Cellular senescence and cell cycle regulate early embryonic development

Early embryonic development is the fastest stage of embryonic cell proliferation and differentiation, accompanied by large-scale zygotic genes transcription (Zhang et al., 2021). The precise expression of cell cycle regulators during preimplantation development is essential for the embryo to effectively respond to DNA damage, stress, and other adverse conditions by activating survival and repair mechanisms, or apoptotic processes. The timely onset of expression of key cell cycle regulators is crucial for normal embryonic development, and abnormalities may lead to cell apoptosis and the embryo developmental arrest (Chari et al., 2019). Mammalian development involves complex processes of cell division, differentiation, programmed cell death, and cellular senescence. Cellular senescence previously believed to occur only in pathological states such as senescence and tumorigenesis, however, has recently been reported to also play a crucial role in embryonic development (Wanner et al., 2020). Our previous studies also demonstrated that the arrested embryos enter a cellular senescence-like state. This state is characterized by cell cycle arrest, a decrease in ribosomes and histones, and downregulation of MYC and p53 activity (Yang et al., 2022). Cellular senescence is a cellular process initiated by inducing a permanent cell cycle arrest, increasing cellular inflammation and preventing cell proliferation, and the cell cycle state is closely associated with cell senescence (Ogrodnik, 2021). The arrest of cell cycle is one of the most defining hallmarks of cellular senescence. In our study, the four hub genes for cell cycle and cellular senescence, CCNA2, CCNB1, KRAS, and MAPK3 were downregulated, while ERBB2 was upregulated.

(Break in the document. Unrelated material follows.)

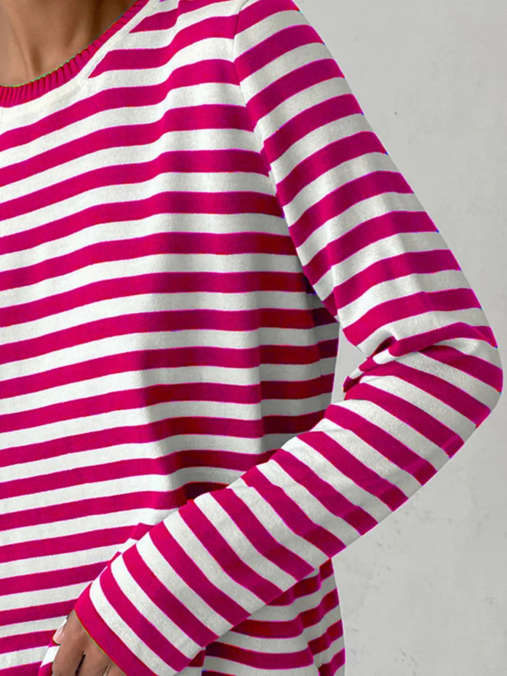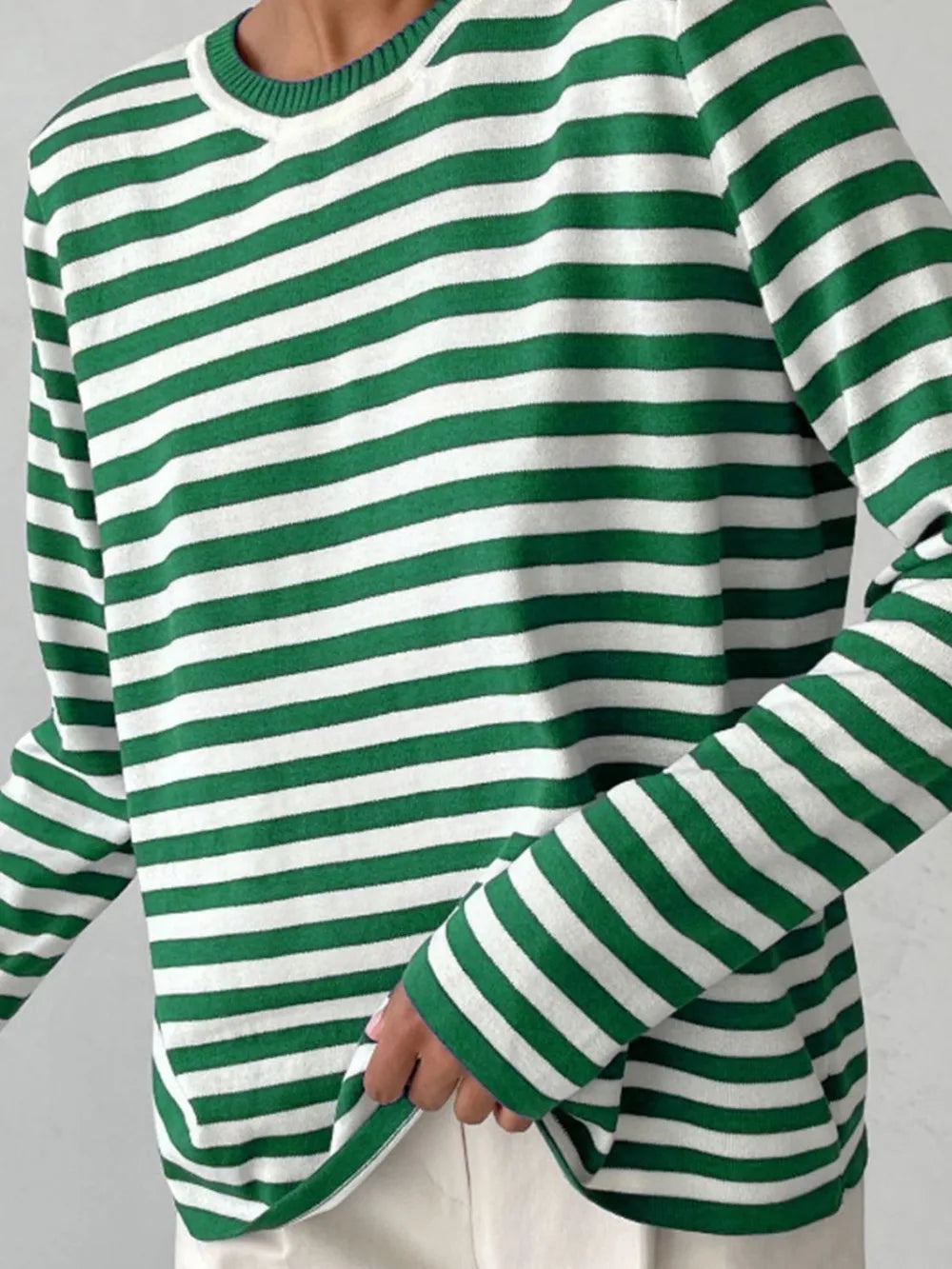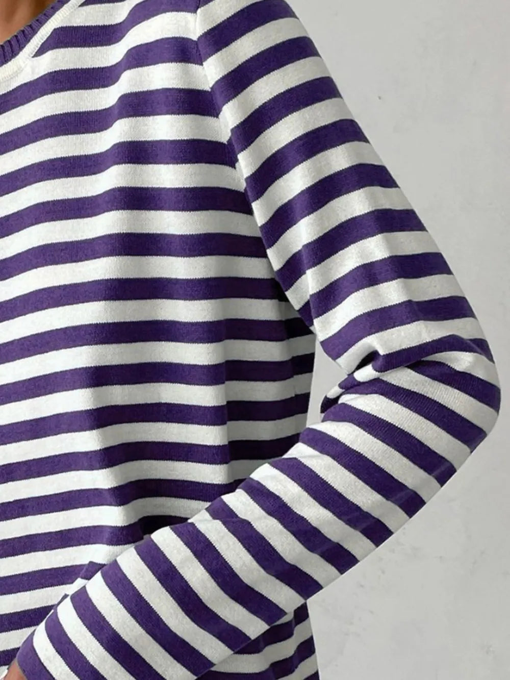 Striped Round Neck Long Sleeve Sweater

The RAS family consists of NRAS, HRAS and KRAS. KRAS, a member of the ras proto-oncogene family, plays an important role in cell proliferation and differentiation. It is also the member of the RAS family to play a crucial role in early embryonic development (Alves et al., 2019). Previous studies demonstrated that KRAS was indispensable for development and its absence could lead to embryo lethality (Minati et al., 2022). Other research indicated that KRAS-deficient mouse embryos develop sever growth defects and die in utero around E15.5. The knockout of KRAS in mice results in embryo development defects and increased embryo mortality (Koera et al., 1997). All of findings suggested that KRAS is key regulator of early embryonic development in mice. Mitogen activated protein kinase (MAPK) plays an important role in intracellular actions in response to various extracellular signals. Studies shown that MAPK3 also plays a key role in the development stage of zebrafish. Knockdown of MAPK3 will cause death 51 h post-fertilization in zebrafish with notochord and whole body distortion (Chiou et al., 2007). The normal expression of MAPK3/1 (ERK1/2) in ovarian granulosa cells plays a vital role in female fertility (Fan et al., 2009). Studies have indicated that ERK1 and ERK2 co-expressed in all mammalian tissues and act as key regulators of cell proliferation, differentiation, and oocyte maturation (Su et al., 2002). Mice with ERK1-null are viable and fertile, whereas embryos from mice with the ERK2 mutation were lethal (Aouadi et al., 2006). ERBB2, along with ERBB1, ERBB3, and ERBB4, is a member of the epidermal growth factor receptor family and plays a critical role in tumorigenesis. Previous studies shown that deletion of ERBB2 expression in knock-out mice severely affects early embryonic development (Britsch et al., 1998). Some studies suggested that the precise threshold levels of ERBB2 signaling is crucial for embryonic development. Interestingly, the ERBB2 expression level is significantly higher in animals, but 5%–10% of normal ERBB2 levels is required for early embryonic development (Chan et al., 2004). ERBB2 was upregulated in developmental arrest embryos. However, whether the abnormal expression level of ERBB2 will affect early embryonic development in human remain to be further verified.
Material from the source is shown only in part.